The document does not specify the country of origin of the data or whether the studies were retrospective or prospective, beyond "ex-vivo and in-vivo animal tissue testing."

3. Number of Experts Used to Establish the Ground Truth for the Test Set and Their Qualifications:

The document does not mention the use of human experts to establish ground truth in the context of the described performance studies (biocompatibility, software, electrical safety, bench testing, animal testing). The "ground truth" for these types of studies typically relies on objective measurements, established engineering principles, and animal tissue responses.

4. Adjudication Method for the Test Set:

Not applicable, as the tests described (biocompatibility, software, electrical safety, bench, animal) do not involve human interpretation or subjective assessments that would require an adjudication method.

5. If a Multi-Reader Multi-Case (MRMC) Comparative Effectiveness Study Was Done:

No, an MRMC comparative effectiveness study was not done. The document focuses on demonstrating substantial equivalence to predicate devices through technical and performance testing, not on comparing reader performance with and without AI assistance.

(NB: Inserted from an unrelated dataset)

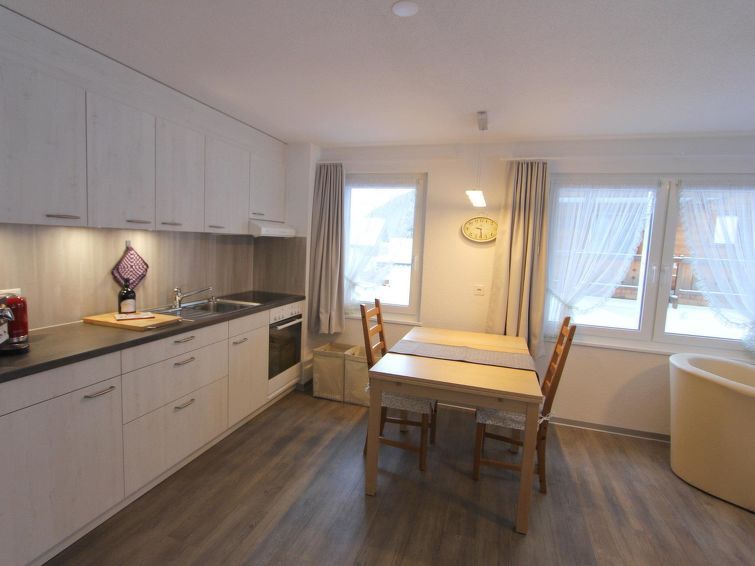3-room (2. floor; 61m2) apartment with 4 beds, living/dining room, open kitchen, 1 double bedroom, 1 bedroom with 2 beds, shower/WC, south balcony, lift, comfortably, cosily and functionally furnished, near the ski-lifts and cablecars.

6. If a Standalone (i.e., algorithm only without human-in-the-loop performance) Was Done:

Not applicable. The Waterlase iPlus Laser System is a physical medical device, not an AI algorithm. Its performance is evaluated through direct physical and biological testing, not through standalone algorithm performance.

7. The Type of Ground Truth Used:

• Biocompatibility: Established standards (ISO 10993-1) for biological response.
• Software Verification and Validation: Software specifications and functional requirements as defined by the manufacturer and compliance with IEC 62304.
• Electrical Safety and EMC: Recognized electrical safety and electromagnetic compatibility standards (e.g., IEC 60601 series).
• Performance Testing - Bench: Technical specifications and engineering requirements for the device components.
• Performance Testing - Animal: Objective measurements of "depth and width of penetration" in animal tissue, compared to established ranges for predicate devices. This is a form of biophysical ground truth based on tissue response.

8. Sample Size for the Training Set:

Not applicable. This device is not an AI/ML algorithm that requires a training set in the typical sense.

9. How the Ground Truth for the Training Set Was Established:

Not applicable, as there is no training set for an AI/ML algorithm.